We’ll take you through the key differences, so you know the signs to spot if you or someone you know shows symptoms and will give you advice on what to do.

Doctor’s advice

What's the difference between an allergy and intolerance?

A food allergy is a reaction by the immune system, even if a small amount is consumed. The body's immune system mistakenly thinks proteins in food are a threat and as a result, reacts to get rid of it, causing symptoms which can be severe or life-threatening.

If you have a food intolerance, it affects the digestive system. You may be able to eat a small amount of the offending food and not have any symptoms. It can also be possible to prevent a reaction by taking medication. For example, if you have a lactose intolerance, you could take lactase enzyme pills (Lactaid) to help support digestion. There is also lactose-free milk.

A food intolerance is different from an allergy and is not life-threatening like an allergy can be.

What is a milk allergy?

A milk or dairy allergy provokes the immune system to react to one of the milk proteins like they’re a dangerous invader. Allergy symptoms are released.
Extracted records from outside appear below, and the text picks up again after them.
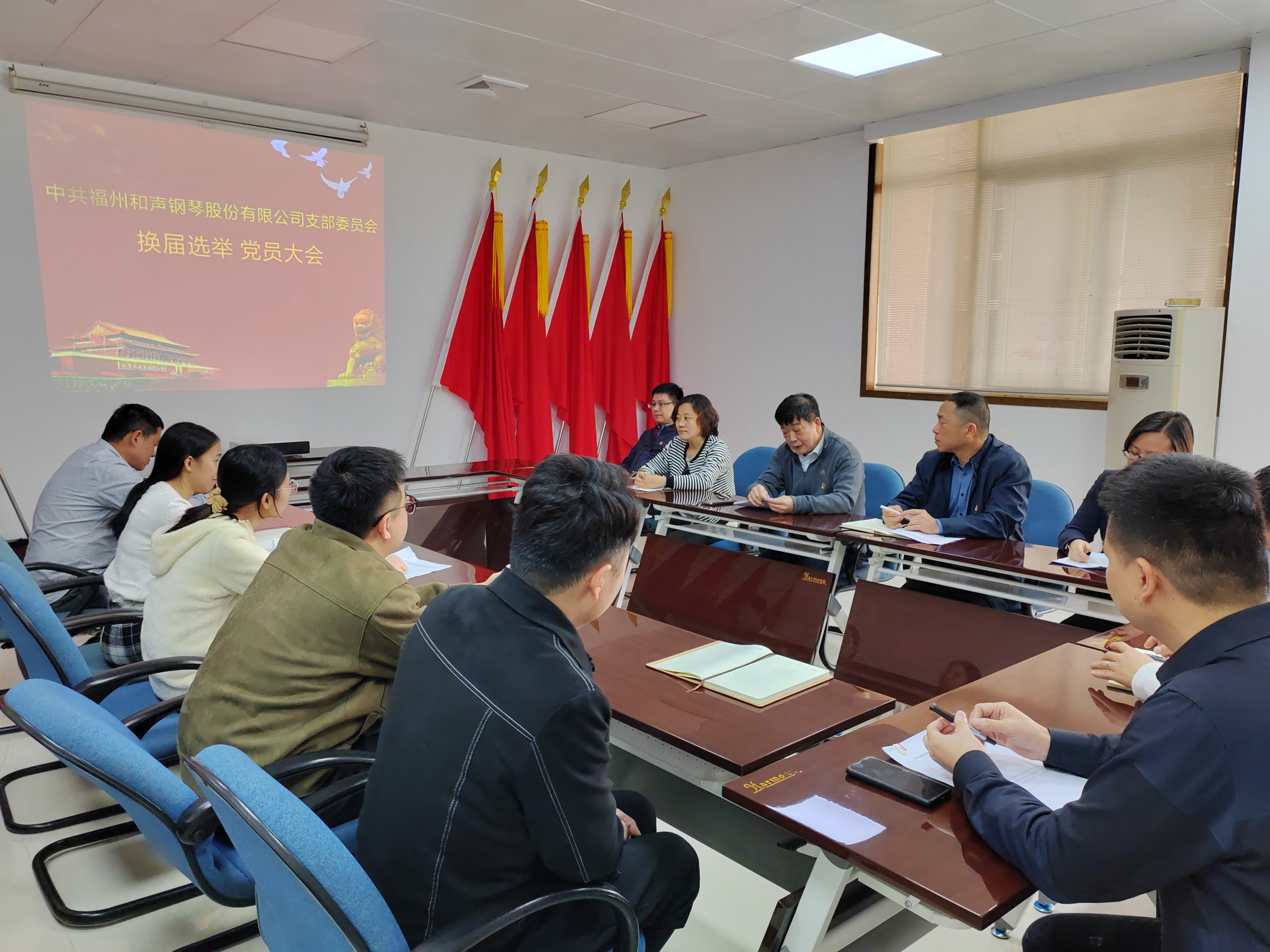 2023年3月21日,中共福州和声钢琴股份有限公司支部委员会召开党员大会,开展换届选举工作,华闽实业集团党委办公室主任林兰钟同志到会指导。会议由公司党支部书记、董事长刘小汀同志主持。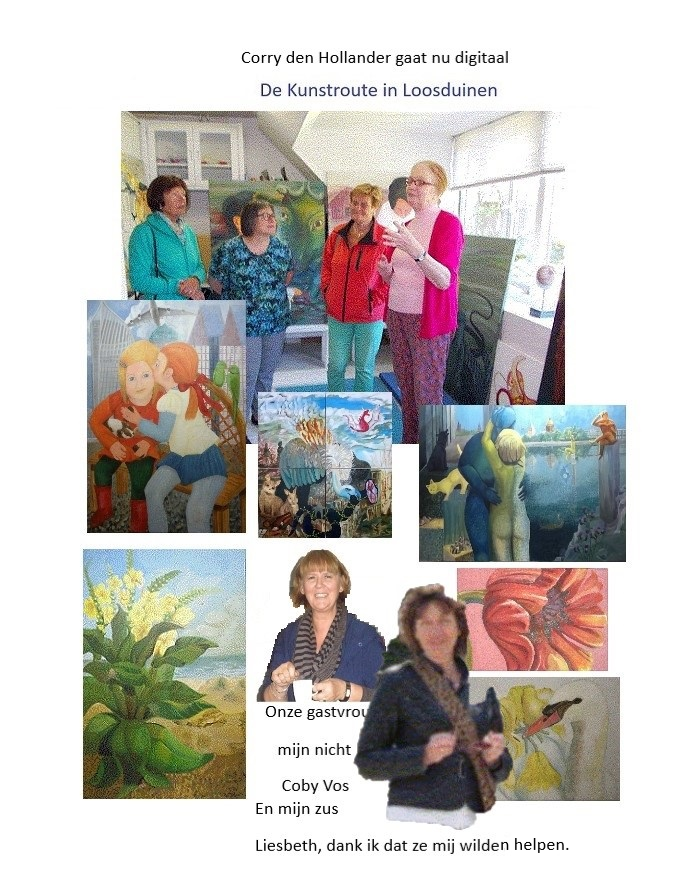 Hier een klein overzicht van het werk van Corrie van Tiel de Kraa.Ik heb veel gedaan, en altijd weer even weer iets anders. Ik ben gestart met pottenbakken,tassen en sieraden maken. En verder maakte ik kleding en knutselde ik veel. *** Op dit moment heb ik me laten inspireren om wandelende mensen te schilderen met waterverf. Ze zijn een beetje abstract, en van mij af lopend. Tot nu toe zette ik ze op Facebook en Instagram met een passend liedje erbij. Gewoon voor mijn eigen plezier. Ik heb van de week voor het eerst iets verkocht, wat voor mij niet het belangrijkste is, maar toch leuk. *** Verder heb ik ook veel uitgeprint op fotopapier en heb daar nu dubbele kaarten van. Een paar schilderstukken met acrylverf gemaakt, ook heel leuk. Ook droogbloemetjes heb ik ingelijst. Ik hoop dat mensen kunnen genieten van de vrolijke poppetjes.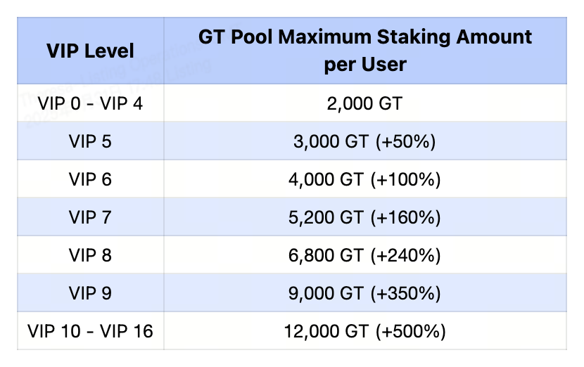 VIP 5 and above users enjoy exclusive staking limits when participating in Launchpool, with up to 500% staking limit bonus.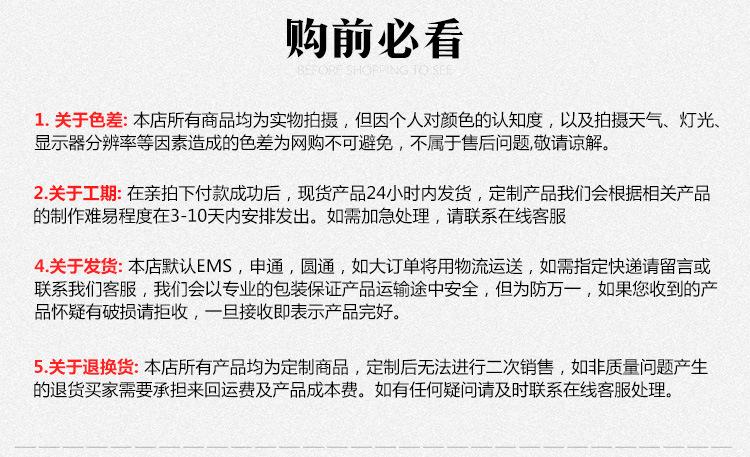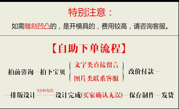 | Proceso de personalización | 1- Por favor, seleccione primero el estilo de producto que desea hacer. 2. Proporcione el contenido que desea producir a través de diversos métodos, como Wangwang o correo electrónico. Si graba un logotipo,Necesitas proporcionar formato vectorial. Si proporcionas el archivo de grabado tú mismo, los detalles del texto no deben ser menores a 3 líneas. Después de la conversión, envíalo al servicio al cliente. [Por favor, preste atención a si el texto contiene errores tipográficos, omisiones, signos de puntuación, fechas, etc. Nuestra tienda no se responsabiliza de las consecuencias de los errores de texto proporcionados por los compradores]. 3 - El diseñador creará representaciones para su confirmación según sus requisitos de grabado. Tras la confirmación, nuestro taller iniciará la producción. Si tiene alguna sugerencia o cambio, por favor, infórmenos antes de la producción. Una vez iniciada la producción, no se podrán realizar cambios. [Asegúrese de revisar cuidadosamente si el diseño cumple con sus requisitos. Su aprobación confirmará que es correcto.] |
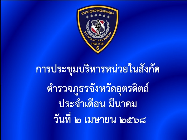 วันนี้ (2 เม.ย.68 ) เวลา 10.00 น. พล.ต.ต.สุทธิพงศ์ เป๊กทอง ผบก.ภ.จว.อุตรดิตถ์ ประธาน พ.ต.อ.สุเทพ ประภากรณ์ พ.ต.อ.ศิริโชติ ธเนศราภา พ.ต.อ.สุทธิพงศ์ จันทร์พุฒ พ.ต.อ.ลิขิตพงศ์ ศรีนาราง รอง ผบก.ภ.จว.อุตรดิตถ์ พ.ต.อ.อำนาจ รอดดอนไพร ผกก.ฝอ.ภ.จว.อุตรดิตถ์ พ.ต.อ.โสภณกรณ์ ช้างลอย ผกก.สืบสวนฯ พ.ต.อ.เสงี่ยม วรสา ผกก.(สอบสวน) กลุ่มงานสอบสวนฯ พร้อมด้วยหัวหน้าสถานีในสังกัด ภ.จว.อุตรดิตถ์ ตัวแทนหน่วยงานในสังกัด ตร. ในพื้นที่ จว.อุตรดิตถ์ และเจ้าหน้าที่ที่เกี่ยวข้องร่วมประชุมบริหารหน่วยในสังกัดภ.จว.อุตรดิตถ์ประจำ เดือนมีนาคม 2568 ณ ห้องประชุม 1 ภ.จว.อุตรดิตถ์
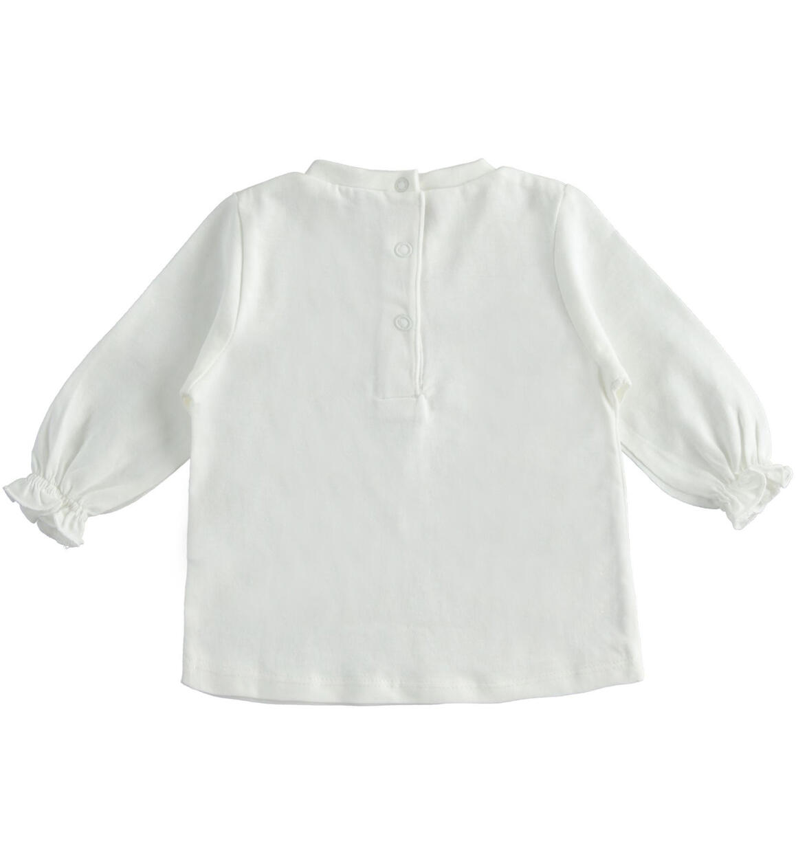 iDO baby girl t-shirt in 100% cotton jersey with glitter heart print and cuff with elastic and curl. Back opening with snap buttons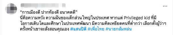 - คุณไม่มีนโยบายเศรษฐกิจที่เป็นไปได้ เพราะนายทุน หรือองค์กรขนาดใหญ่ไม่ต้องการให้คุณมีอำนาจ เกษตรกรต้องการนโยบายที่เขาได้เงินโดยตรง ไม่ใช่แนวคิดเรื่องอุดมการณ์ทางเพศ หรือการปลุกปั่นที่ไร้สาระ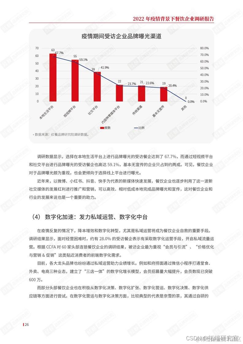 调研数据显示,选择在本地生活平台上进行品牌曝光的受访餐企达到了67.7%,而通过短视频平台和社交平台进行品牌曝光的受访餐企也高达59.1%,基本无宣传的企业只占到约两成。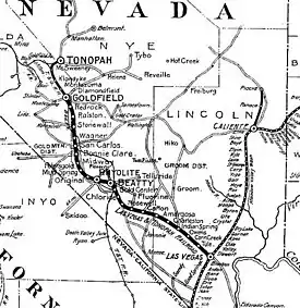 The Las Vegas and Tonopah Railroad was a 197.9-mile (318.5 km) railroad built by William A. Clark that ran northwest from a connection with the mainline of the San Pedro, Los Angeles and Salt Lake Railroad at Las Vegas, Nevada to the gold mines at Goldfield. The SPLA&SL railroad later became part of the Union Pacific Railroad and serves as their mainline between Los Angeles and Salt Lake City.

Cows' milk allergy can cause a wide variety of symptoms including:

  • Skin reactions like an itchy red rash, swollen lips, face and around the eyes.
  • Tightness in the throat.
  • Wheezing.
  • Digestive problems such as a stomach ache, vomiting, diarrhoea or constipation.
  • Symptoms similar to hay fever like a runny or blocked nose.
  • Eczema that doesn't clear up even with treatment.

A milk allergy is a very common allergy, especially in children under the age of three. Around 2% are allergic to milk with most infants developing an allergy before their first birthday. Children will usually grow out of it by the time they turn six.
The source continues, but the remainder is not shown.